Indian businesswoman (born 1963)

Falguni Sanjay Nayar (born 19 February 1963) is an Indian billionaire businesswoman, who is the founder and CEO of the beauty and lifestyle retail company Nykaa, formally known as FSN E-Commerce Ventures which is an acronym of her own name. Nayar is one of two self-made female Indian billionaires.

As per Forbes list of India’s 100 richest tycoons, dated October 09, 2024, Falguni Nayar & family was ranked 71st with a net worth of $4.2 Billion.

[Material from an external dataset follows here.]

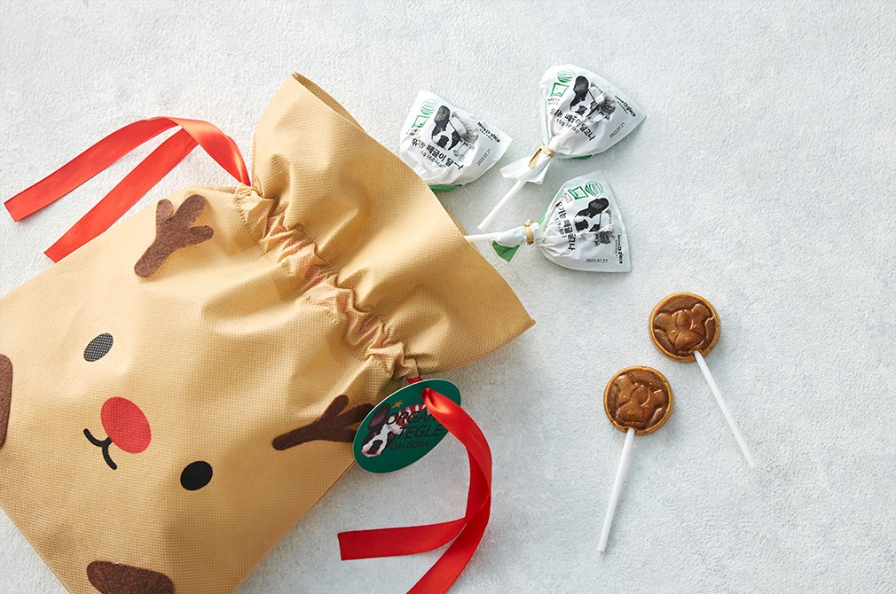 ・특징:유기농 재료로 만든 달고나 12개를 루돌프 그림이 그려진 귀여운 보따리에 담았어요.
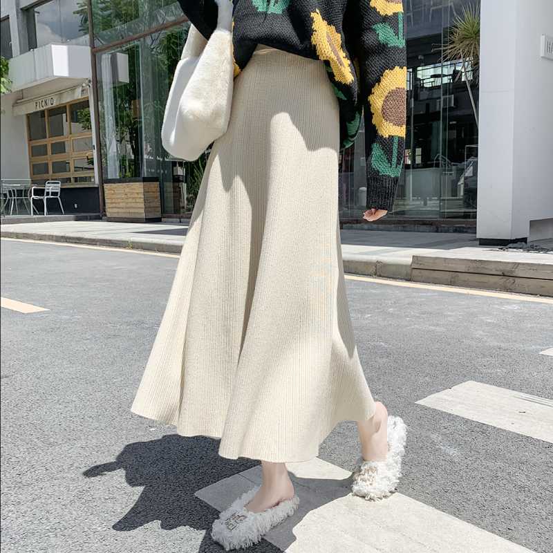 【3日出荷】レディース秋冬ニットハイウエスト ミッドレングス ドレープ感 A ラインフレア ニー越えロング スカート

== Early life and education ==
Nayar was born and raised in a Gujarati family in Mumbai, Maharashtra. Her father was a businessman and ran a small bearings company, assisted by her mother. She is a graduate in B.Com from Sydenham College of Commerce and Economics and a postgraduate from the Indian Institute of Management Ahmedabad (1985 batch).

== Career ==
In 1993, Nayar joined Kotak Mahindra Group after leaving her consultant job at A. F. Ferguson & Co. At Kotak Mahindra, she was initially the head of mergers and acquisitions (M&A) team, before going on to open institutional equities offices in London and New York City. In 2001, she returned to India. In 2005, she was appointed as the managing director of Kotak Mahindra Capital, the investment banking unit, and director of Kotak Securities, the institutional equities arm. She quit her job in 2012.

In April 2012, at the age of 50, she founded Nykaa with $2 million of her own money. Nykaa was worth $2.3 billion as of 2021 bringing Nayar's net worth to an estimated $1.1 billion. Nayar is one of two self-made female Indian billionaires, the other being Kiran Mazumdar-Shaw. Nykaa listed at $13 billion valuation on 10 November 2021. Soon after Nykaa went public, Nayar became the wealthiest self-made Indian woman, with her net worth rising to $6.5 billion. In 2022, Nayar made her debut in the Forbes India Rich List at rank 44. She was awarded EY entrepreneur of the year for India in 2021.

== Personal life ==
Falguni Nayar married Sanjay Nayar in the year 1987, whom she met at business school. He is the CEO of Kohlberg Kravis Roberts India. They have two children – Adwaita Nayar and Anchit Nayar, who are twins; Adwaita is the CEO of Nykaa Fashion whereas Anchit heads the retail and e-commerce divisions.